В последнее время она начала заниматься переводами договоров и прочей документации для совместных предприятий. Занятие было выгодным (гораздо более выгодным, чем делать переводы для студентов иняза), но крайне ответственным, поскольку одно неверно переведенное слово или предложение могло повлечь за собой большие проблемы.

«Сластеной» называлось кафе в доме напротив. Днем оно работало для всех, а по вечерам здесь собирались бритоголовые амбалы в кожаных куртках или малиновых пиджаках. На двери вывешивалась табличка «Закрыто на спецобслуживание», а рядом выставлялся страж, бдительно наблюдавший за тем, чтобы припаркованным у кафе иномаркам, одна другой круче, не чинилось какого-либо ущерба.

– Разве их шарлотка может сравниться с твоей! – Константин закатил глаза и восхищенно поцокал языком. – Испеки, а? Очень хочется. Помнишь, как ты меня в день нашего знакомства шарлоткой угощала?

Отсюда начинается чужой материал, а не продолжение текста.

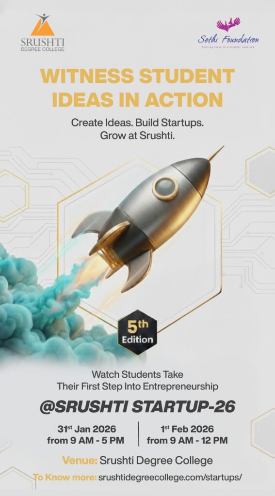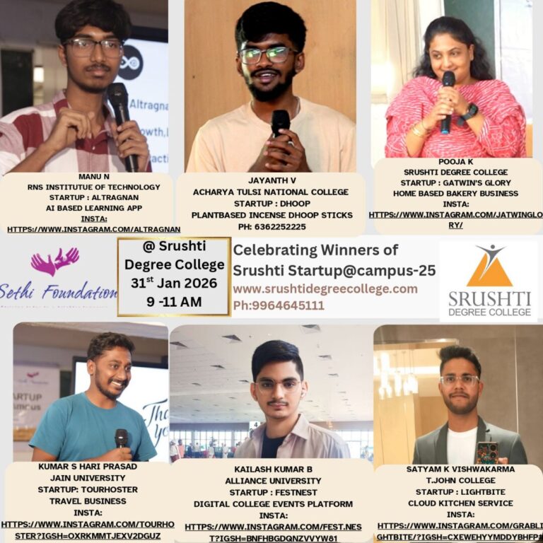 Srushti started two decades ago, built on the foundation of enabling youth as Social Innovators impacting education of rural children. In 2011, Srushti Degree College was established, aiming to contribute to society by providing students from all classes access to Higher Education, where their aspirations, innovative and entrepreneurial spirit with co-creative leadership skills are nurtured. Students get educated holistically within a campus where they flourish, preparing themselves for careers and purposeful living to impact themselves, society, and the environment

– С памятью у меня хорошо, – констатировала жена, продолжая писать черновой вариант перевода. – И я что-то не помню, что в нашем брачном контракте есть пункт о том, что я должна готовить шарлотку по первому требованию. Нашел себе Изауру![11]

Брачный контракт был занозой, крепко засевшей в душе Константина. «Надо бы нам подписать одну бумажку, чтобы мои шнурки не дергались», сказала Ника, незадолго до свадьбы. Константин тогда пребывал в таком состоянии, что готов был подписать ради Ники все, что угодно, вплоть до согласия на собственную казнь. Помрачение нашло, любовный морок. Контракт предусматривал, что все имущество, приобретенное супругами в браке, а также полученное в дар, является собственностью получателя или приобретателя. Проще говоря – любовь любовью, а табачок врозь. С одной стороны, раз родителям невесты так хочется, то почему бы не подписать? С другой – кем они его считают? Брачным аферистом? Неприятно как-то.

– Это было не требование, а просьба, – уточнил Константин, пытаясь обуздать накатившее раздражение. – Просто захотелось твоей шарлотки. Извини, если обидел, я не хотел.

Перед важным разговором не стоило обострять отношения, тем более что шарлотки уже расхотелось.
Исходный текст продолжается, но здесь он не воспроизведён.